Kolundaki aşırı sebebiyle kişi kolunu kaldıramamaya başlar.
Kol hareket ederken köprücük kemiği üzerinde hassasiyet oluşur.
Köprücük kemiğinin olduğu yerde bir çıkıntı meydana gelir.
Ender de olsa kemik cildi, deriyi yaralayarak dışarı çıkabilir
Köprücük kemiği tanı ve tedavisi;
Köprücük kemiği kırılması ile doktora gidildiğinde ilk dikkat edilecek olan damar ve sinirlerde bir yaralanma meydana gelip gelmediğidir. Zira yaralanma durumunda acil bir operasyon yapılması gerekebilir. Bu tür cerrahiler yaralanan dokuya bağlı olarak plexus brachialis yani kol sinir ağı cerrahisi alanında tecrübeli kişiler tarafından yapılmalıdır. Bunun yanında röntgen incelemesi de köprücük kırığı hakkında her türlü bilgi verebilir.
Aynı zamanda köprücük kemiği kırıkları genelde konservatif yani cerrahi dışı metotlarla tedavi edilebilir. Ancak konservatif tedavi ile köprücük kemiği kırığın kaynamama ihtimali % 10 oranında iken, operasyon sonrası bu oran % 30 lara yükselmektedir.
Köprücük kemiği kırığında 3 sebeple cerrahi tedavi tavsiye edilmektedir:
1. Meydana gelen damar-sinir yaralanması oluşması.
2. Genç ve zayıf kadınlarda estetik sebeplerle oluşmuşsa.
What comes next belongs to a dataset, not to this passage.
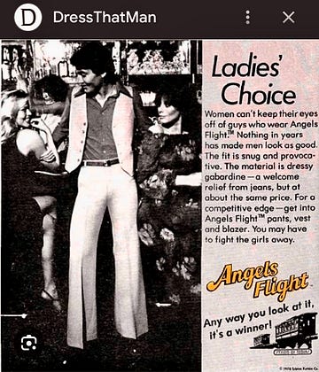 After 35 years of marriage, we have the silliest conversations. We were playing cards tonight and listening to 60s & 70s music on Pandora. The topic of dancing in Angels Flight pants came up, and I told my husband I was disappointed that I never got to see him in those. He had a nice butt when we met, but at 72 it’s not quite as nice. We…
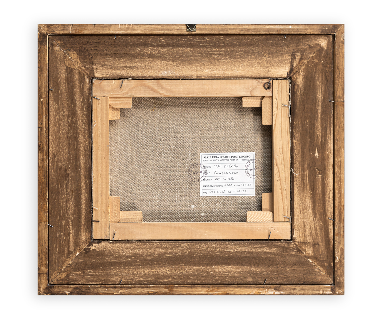 Etichetta e timbri della Galleria Ponte Rosso (MI), con relativo numero di inventario, al retro

3. Kırığın kaynamaması halinde.
Bu saydığımız sebeplerden biri yoksa köprücük kemiği kırığın tipine göre basit bir kol askısı ya da ” 8 bandajı ” ile tedavi etme yoluna gidilir. 8 bandajında asıl amacı omuzu geriye doğru gerip, önde bulunan köprücük kemiğinin uzunluğunu ve şeklini sağlamaktır. Bu uygulama ilk yapıldığında fazla germemeye özen göstermeli ve tedrici olarak kontrollerde yavaş yavaş gerilmesi gerekir. Aksi takdirde koltuk altındaki damar-sinirlere baskı olması ile kolda şişme ve uyuşma ortaya çıkabilir.
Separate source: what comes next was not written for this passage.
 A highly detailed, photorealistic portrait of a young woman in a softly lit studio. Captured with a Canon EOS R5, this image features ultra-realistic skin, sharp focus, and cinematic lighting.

Köprücük kemiği kırığında yapılan konservatif tedavisi % 90 oranında başarı gösterir. Teşhis 3 ile 6 hafta kadar sürebilir. İlk kaynamanın ardından kırık seviyesi üzerinde büyük bir çıkıntı meydana gelmişse de daha sonra küçülmektedir.
Henüz yorum yapılmamış.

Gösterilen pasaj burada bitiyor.